Because of the way Red Hat have implemented changes in the 8.10 and 9.4 releases, the ELRepo Project will no longer be able to re-enable device IDs in our kmod packages for devices that have been disabled in the RHEL kernel.
If your device is listed under “rh_deprecated_pci_devices”, you are out of luck. Those drivers will not load unless you modify the kernel source code.
[Edit] Not deprecated but disabled. That is, “rh_disabled_pci_devices”.

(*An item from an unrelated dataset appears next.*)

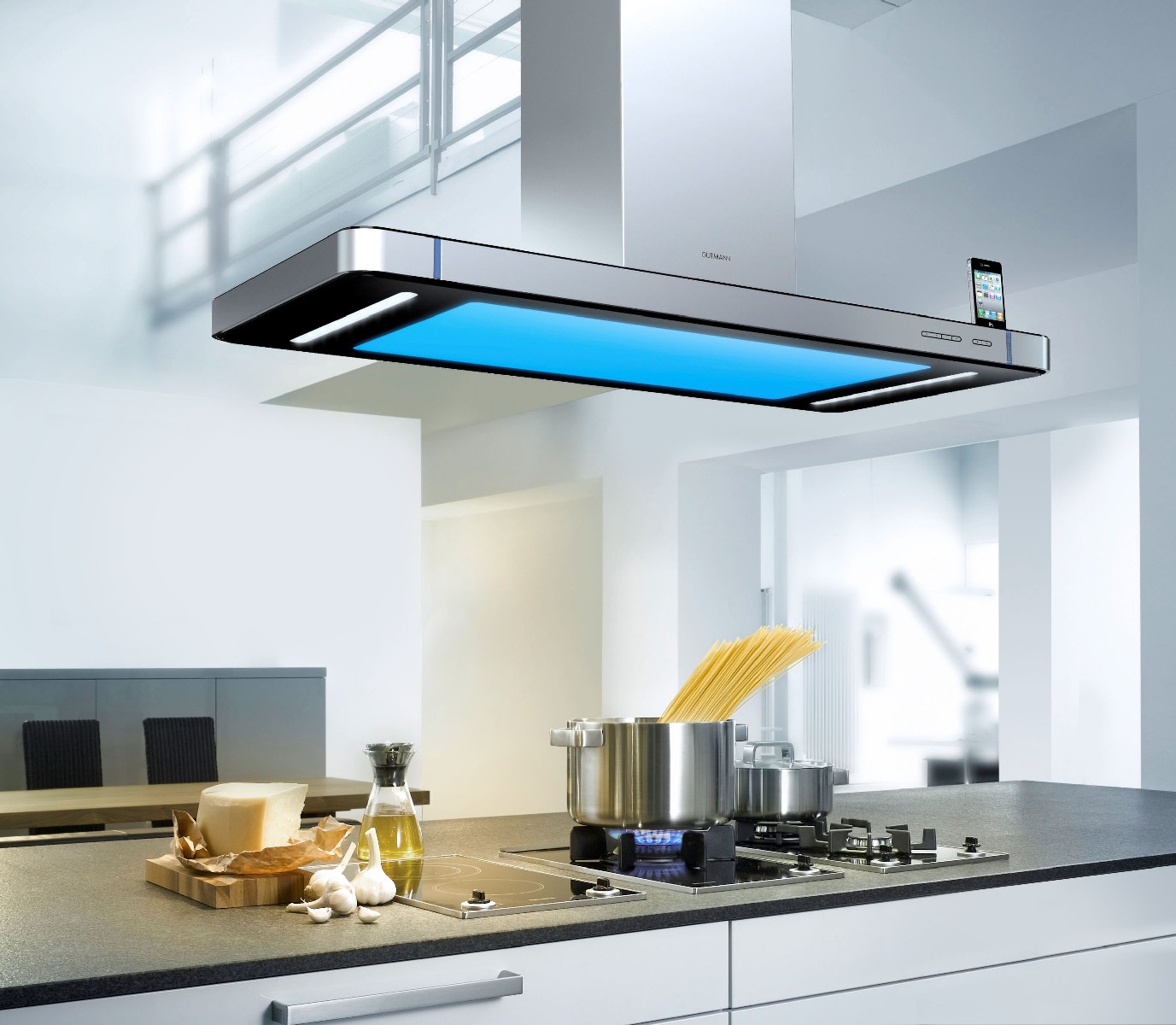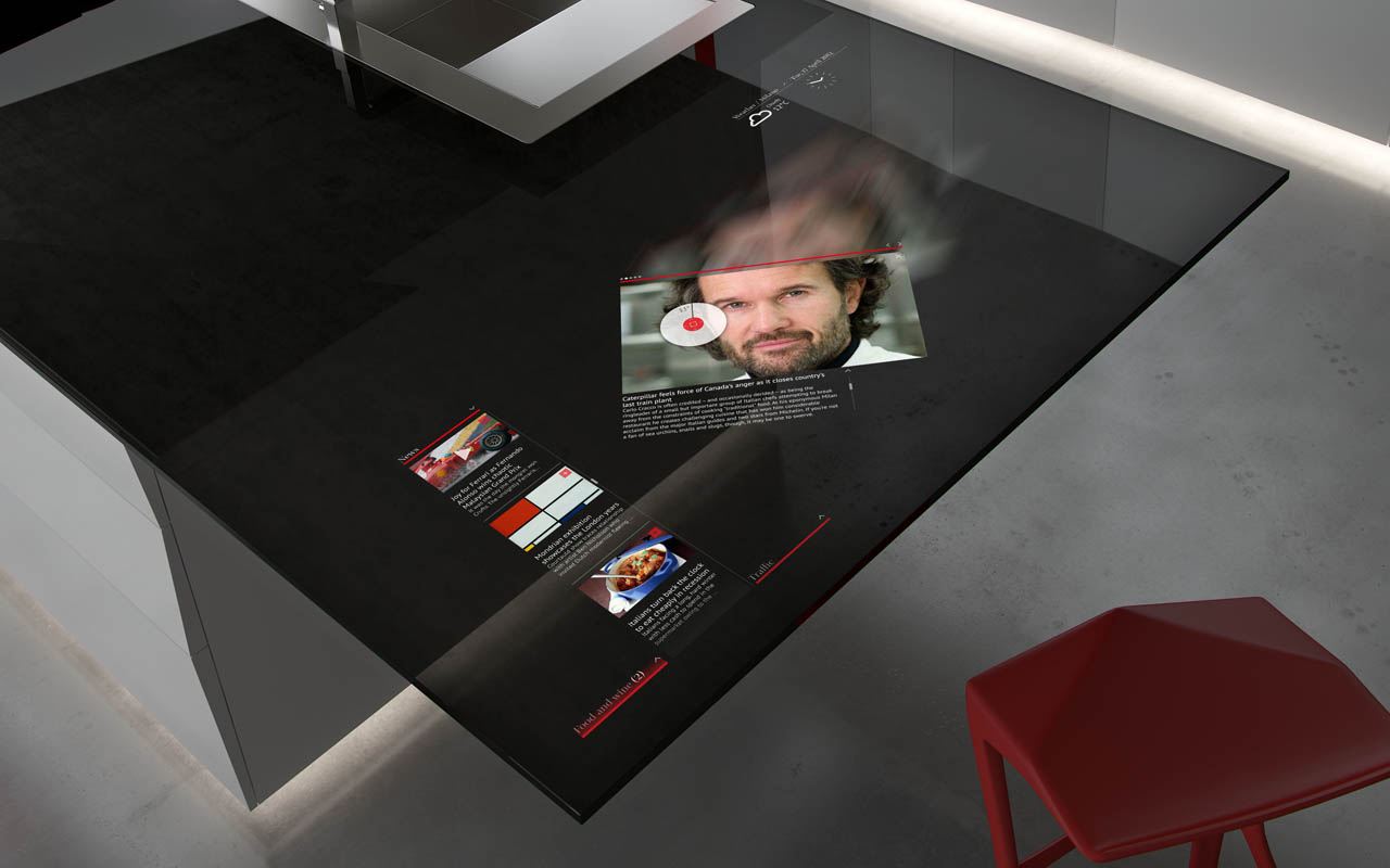 Ateities virtuvėje svarbų vaidmenį atliks virš stalo sumontuota technika: kameros, kurios stebės tai, kas padėta ant paviršiaus, ir išmanusis apšvietimas, kuris projektuos įvairių prietaisų (pavyzdžiui, svarstyklių ar kaitlentės) grafinį vaizdą. Svarbiausia, kad šie grafiškai atvaizduoti prietaisai iš tiesų veiks. Ant virtualios kaitlentės, kuri pati gebės nusistatyti optimalią temperatūrą, galėsite šildyti ar gaminti maistą, o virtualios svarstyklės padės pasverti produktus, kad jų į gaminamą patiekalą įdėtumėte tiksliai tiek, kiek nurodyta recepte.
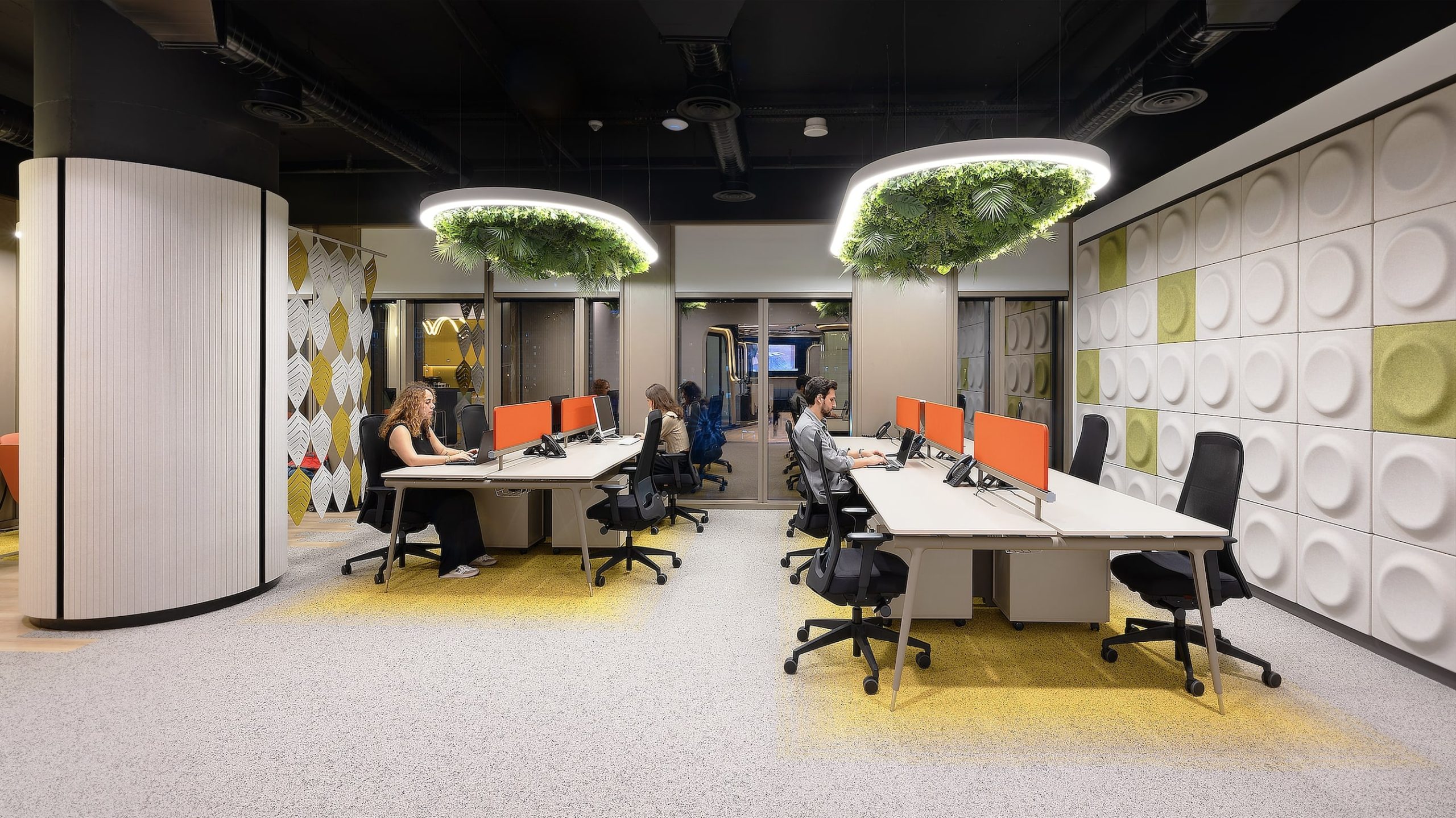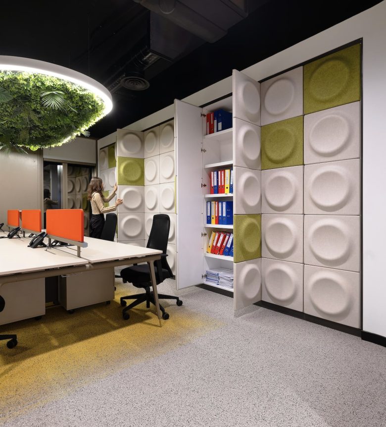 Ofisin kompakt planlaması nedeniyle açık ofis ve sosyal alanlar birbirine yakın konumlandırılmıştır. Bu yakın ilişki, kullanım kolaylığı sağlamak amacıyla kolonlar ve bölücülerle görsel olarak yarı geçirgen hale getirilmiştir. Ayrıca özellikle duvar ve tavanlarda alınan akustik önlemler ses konforu seviyesini önemli ölçüde artırmıştır.

The good thing is, kernel-ml or kernel-lt can be used which work as mentioned in your link which is a quick and simple fix. I guess the RHEL commit could be reverted to re-enable what was disabled (which seems to have been done elsewhere) or make a Rocky equivalent kernel in addition to the default RH patched kernel as a choice for those who do want those modules. Something for the team to think about and see what options people would like to see as a viable option.
If my device is listed as unmaintained rather than disabled, but uses the same elrepo kmod package as something that is listed as disabled, will it still work or not ? (The package in question is kmod-megaraid_sas and device id 1000:0073)
Peter Georg (maintainer of the CentOS kmods SIG) pointed out that the changes made in RHEL 9.4 would only apply to in-kernel modules. Therefore external kernel modules provided by kmods are not affected.
The original posting was updated yesterday (5/1/2024) to include a remark that only in-kernel modules are affected. I understand it so that ELrepo-builds for separate kmods might still be possible/available.